TASK OBJECTIVE. Look in the listing below for the line that has "天风证券:医药生物行业深度研究:多肽药物及产业链——推陈出新,未来可期.pdf", then return it and each following line up to and including the one with "MK G2946 13A", exactly and without pictures.

DATASET ENTRIES.

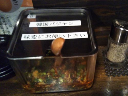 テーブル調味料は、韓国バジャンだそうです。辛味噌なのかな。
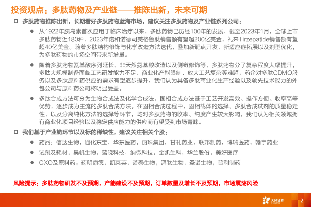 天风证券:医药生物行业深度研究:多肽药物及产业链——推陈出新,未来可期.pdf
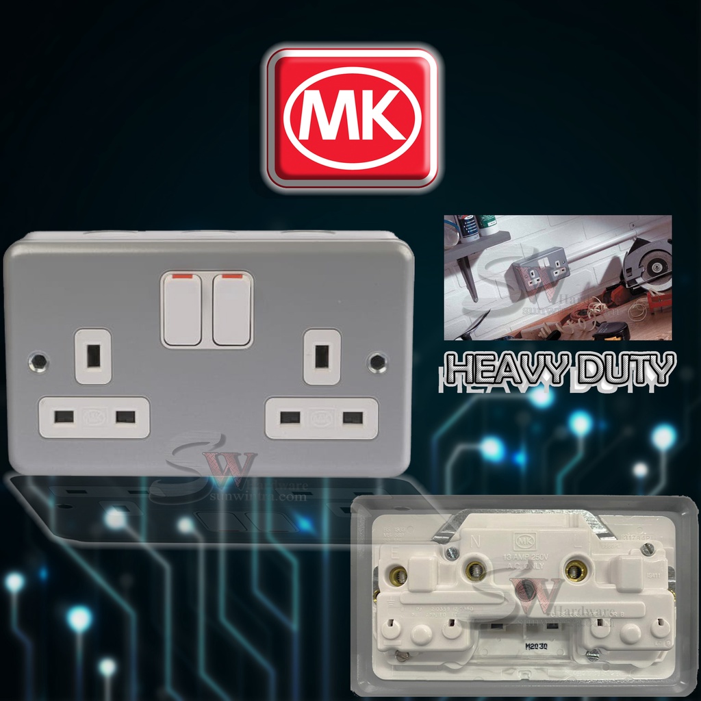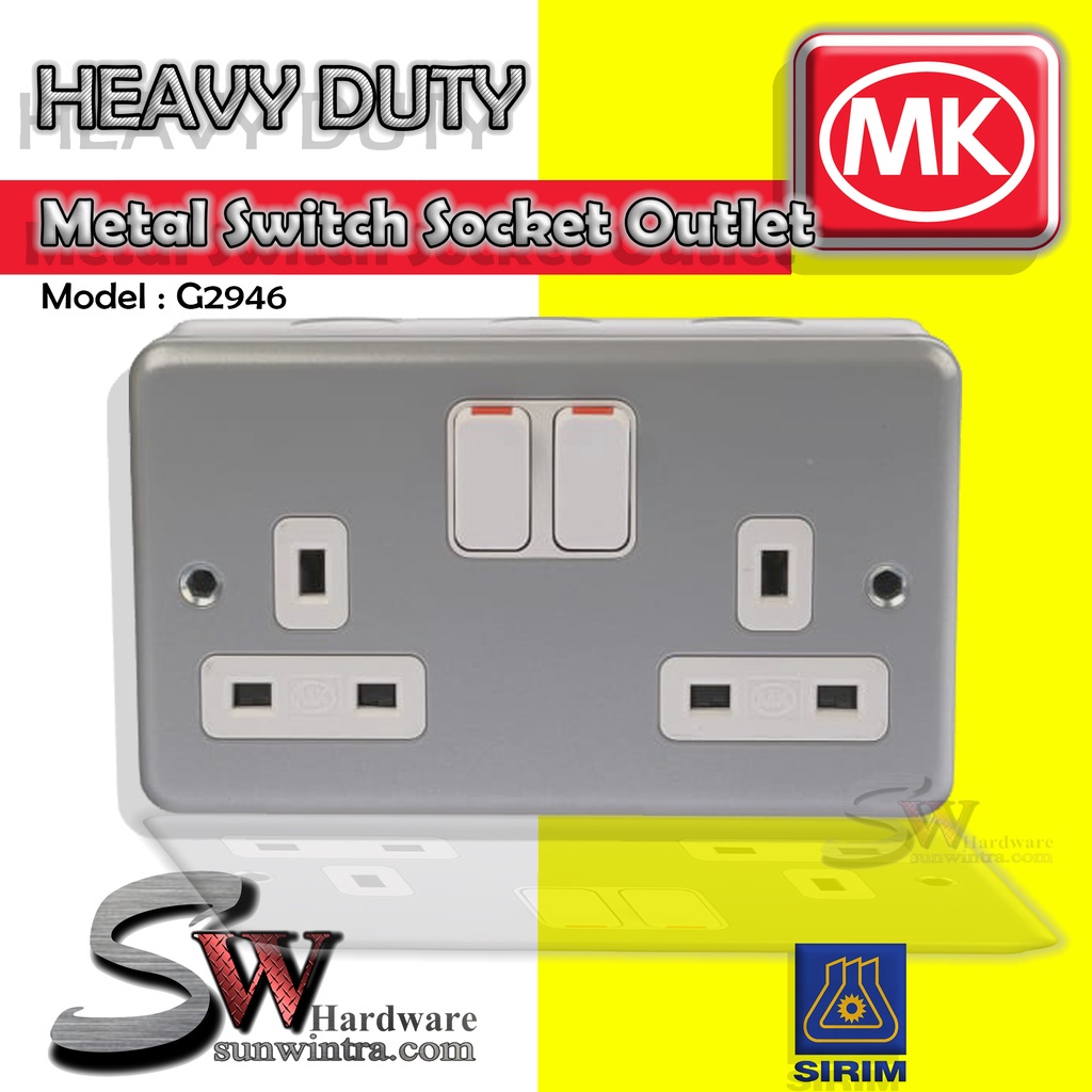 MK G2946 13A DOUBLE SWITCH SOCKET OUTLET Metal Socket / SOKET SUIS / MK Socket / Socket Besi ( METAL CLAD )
==
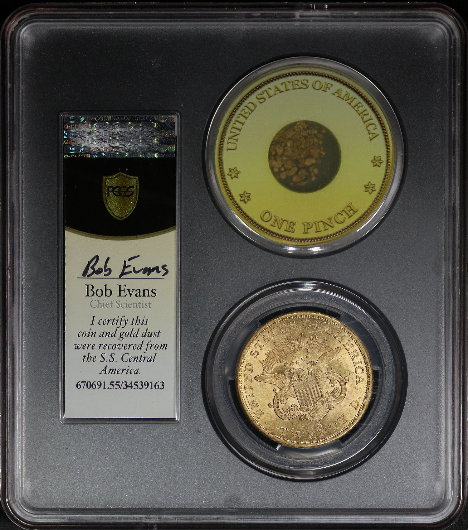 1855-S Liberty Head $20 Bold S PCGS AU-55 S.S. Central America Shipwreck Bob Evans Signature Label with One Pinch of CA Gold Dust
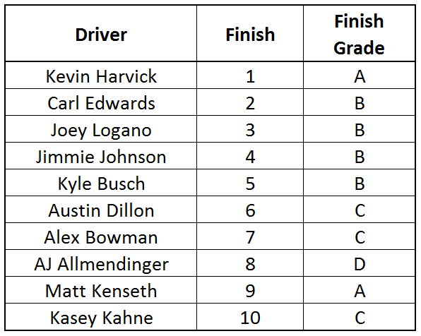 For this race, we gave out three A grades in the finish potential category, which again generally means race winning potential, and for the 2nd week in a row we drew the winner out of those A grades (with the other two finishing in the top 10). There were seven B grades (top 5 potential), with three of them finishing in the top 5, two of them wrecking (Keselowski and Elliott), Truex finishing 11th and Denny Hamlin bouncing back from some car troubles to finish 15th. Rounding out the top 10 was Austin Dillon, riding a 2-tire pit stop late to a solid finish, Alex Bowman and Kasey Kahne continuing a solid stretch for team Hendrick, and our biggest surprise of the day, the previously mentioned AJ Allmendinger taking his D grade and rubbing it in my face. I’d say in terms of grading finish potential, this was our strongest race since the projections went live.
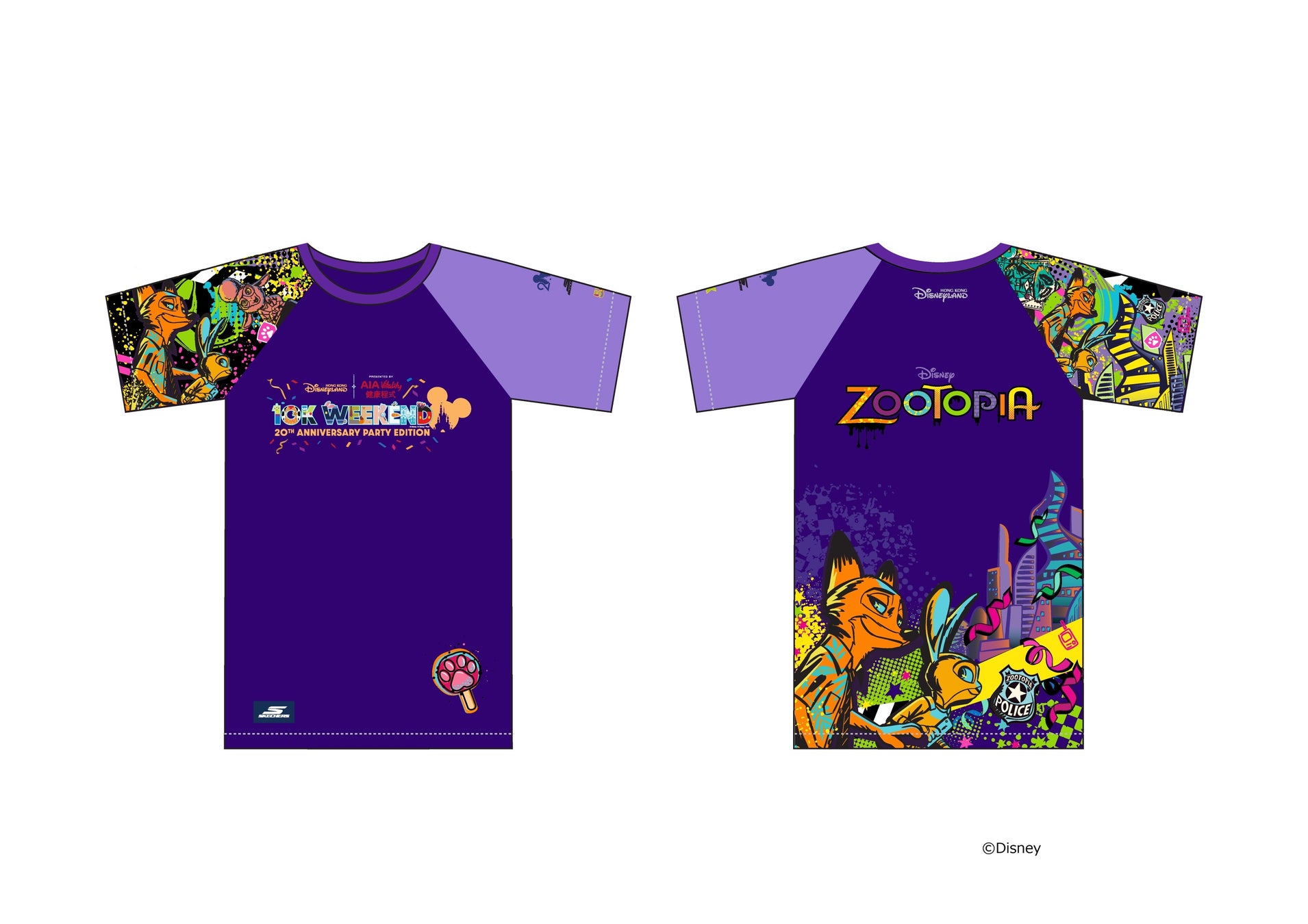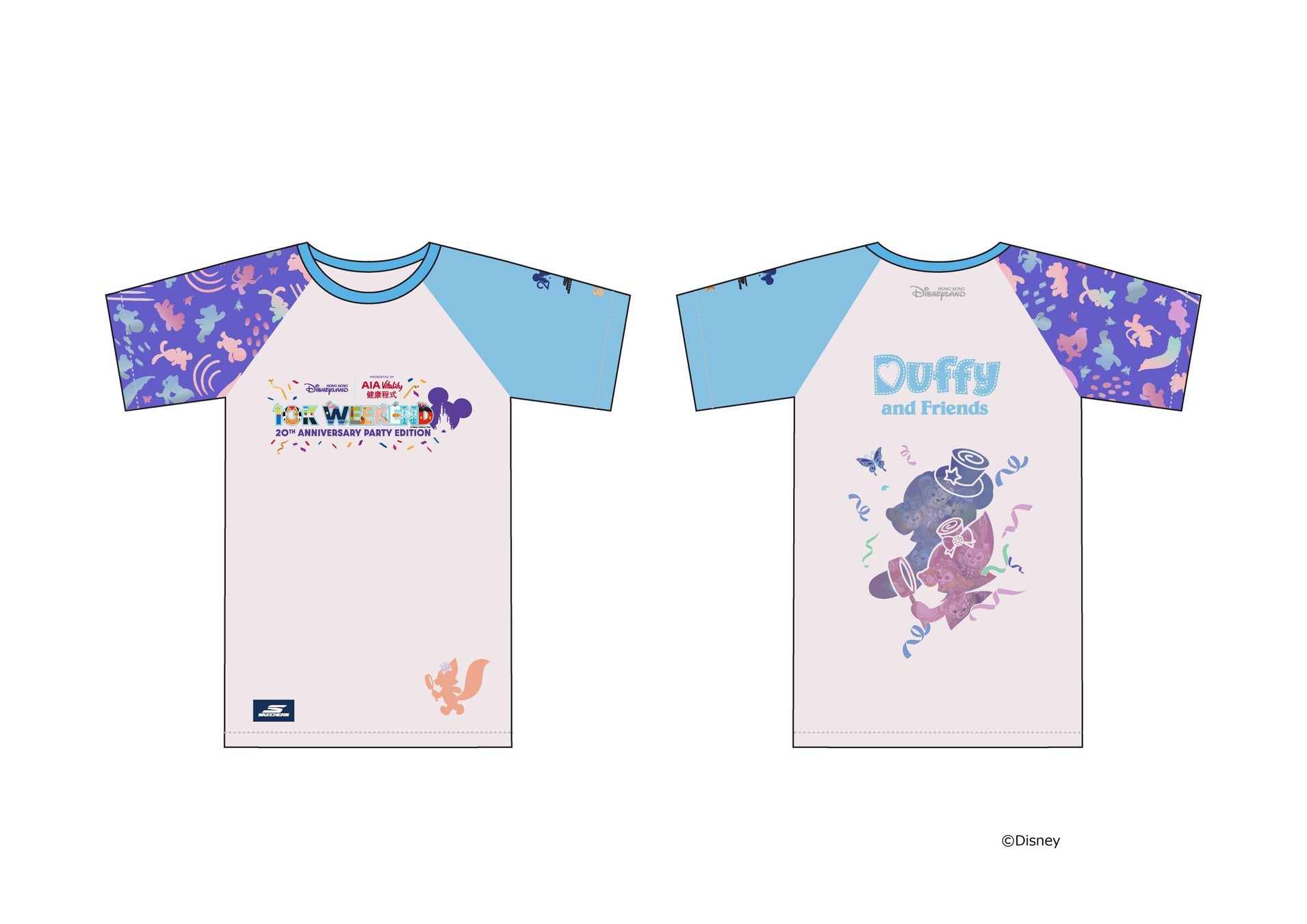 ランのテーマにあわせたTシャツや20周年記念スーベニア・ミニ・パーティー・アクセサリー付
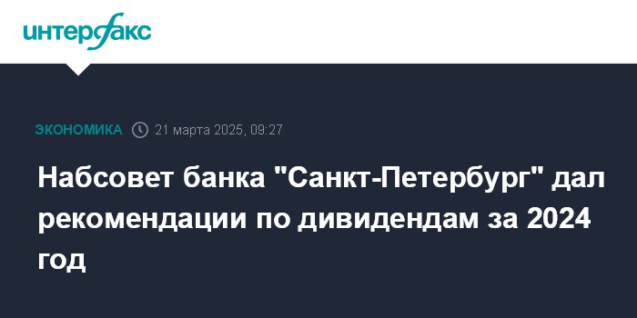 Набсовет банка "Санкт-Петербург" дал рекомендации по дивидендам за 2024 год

YOUR SOLUTION.
 天风证券:医药生物行业深度研究:多肽药物及产业链——推陈出新,未来可期.pdf
 MK G2946 13A DOUBLE SWITCH SOCKET OUTLET Metal Socket / SOKET SUIS / MK Socket / Socket Besi ( METAL CLAD )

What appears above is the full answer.